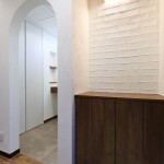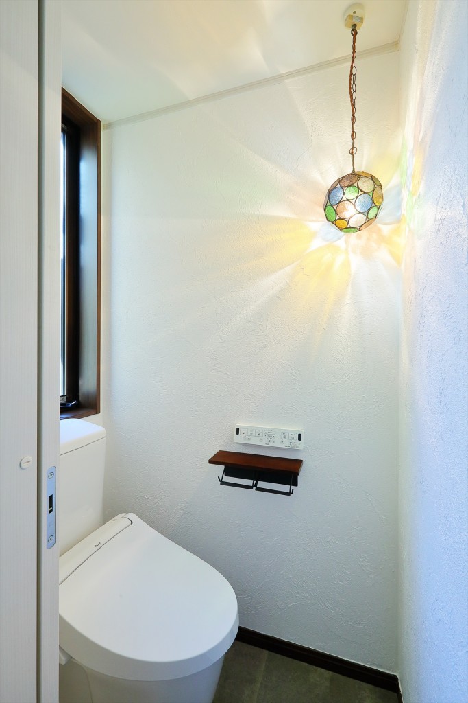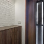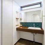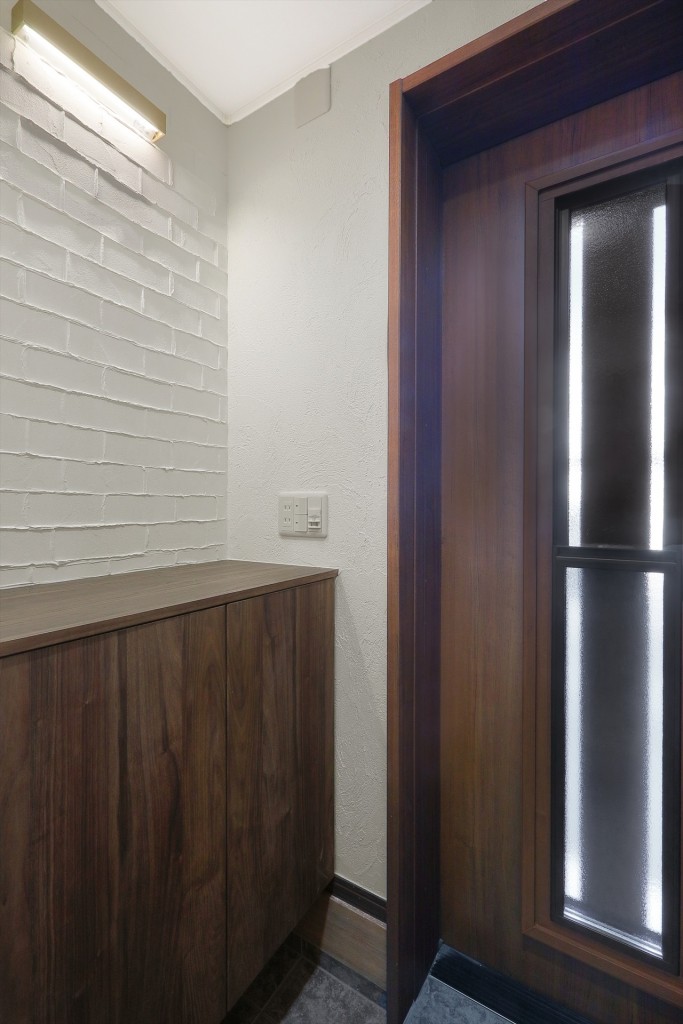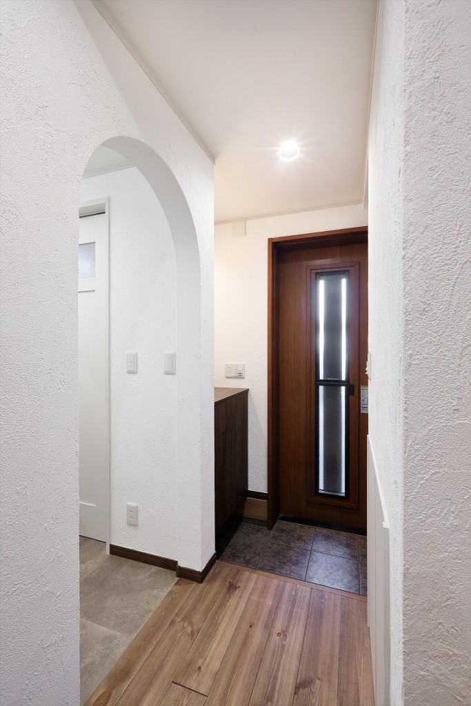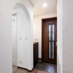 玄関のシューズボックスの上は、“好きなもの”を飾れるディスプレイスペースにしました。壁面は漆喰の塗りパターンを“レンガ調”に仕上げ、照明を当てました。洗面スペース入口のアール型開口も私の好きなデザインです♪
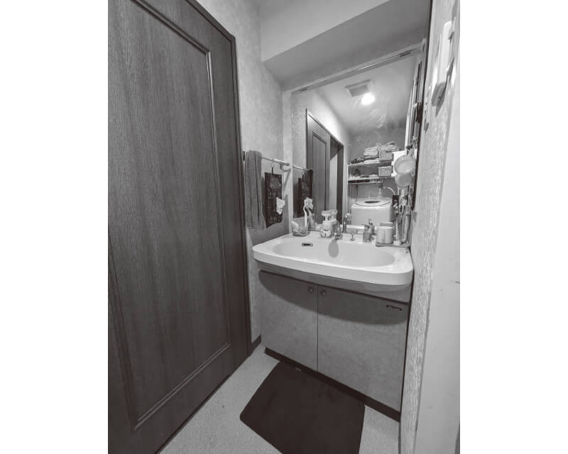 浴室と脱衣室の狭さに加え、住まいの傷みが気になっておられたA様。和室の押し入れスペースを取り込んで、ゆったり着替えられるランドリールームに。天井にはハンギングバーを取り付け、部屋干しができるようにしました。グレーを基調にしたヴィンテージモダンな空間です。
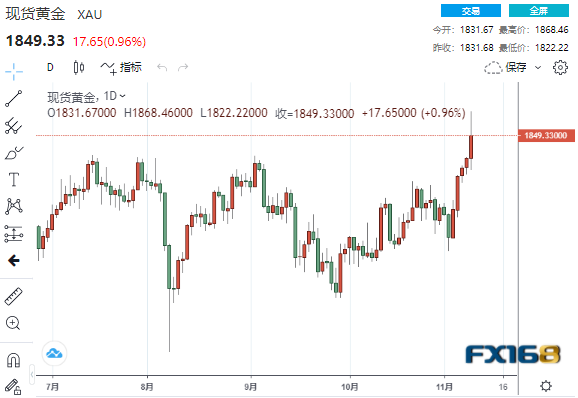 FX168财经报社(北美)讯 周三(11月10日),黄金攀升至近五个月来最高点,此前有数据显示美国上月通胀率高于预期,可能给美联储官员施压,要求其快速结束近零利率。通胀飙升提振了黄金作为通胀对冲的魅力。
┄┄┄┄┄┄
ACTION ITEM ->
Apart from the images, retype the full material exactly as written.

RESULT OF THE TASK ->
 玄関のシューズボックスの上は、“好きなもの”を飾れるディスプレイスペースにしました。壁面は漆喰の塗りパターンを“レンガ調”に仕上げ、照明を当てました。洗面スペース入口のアール型開口も私の好きなデザインです♪
 浴室と脱衣室の狭さに加え、住まいの傷みが気になっておられたA様。和室の押し入れスペースを取り込んで、ゆったり着替えられるランドリールームに。天井にはハンギングバーを取り付け、部屋干しができるようにしました。グレーを基調にしたヴィンテージモダンな空間です。
 FX168财经报社(北美)讯 周三(11月10日),黄金攀升至近五个月来最高点,此前有数据显示美国上月通胀率高于预期,可能给美联储官员施压,要求其快速结束近零利率。通胀飙升提振了黄金作为通胀对冲的魅力。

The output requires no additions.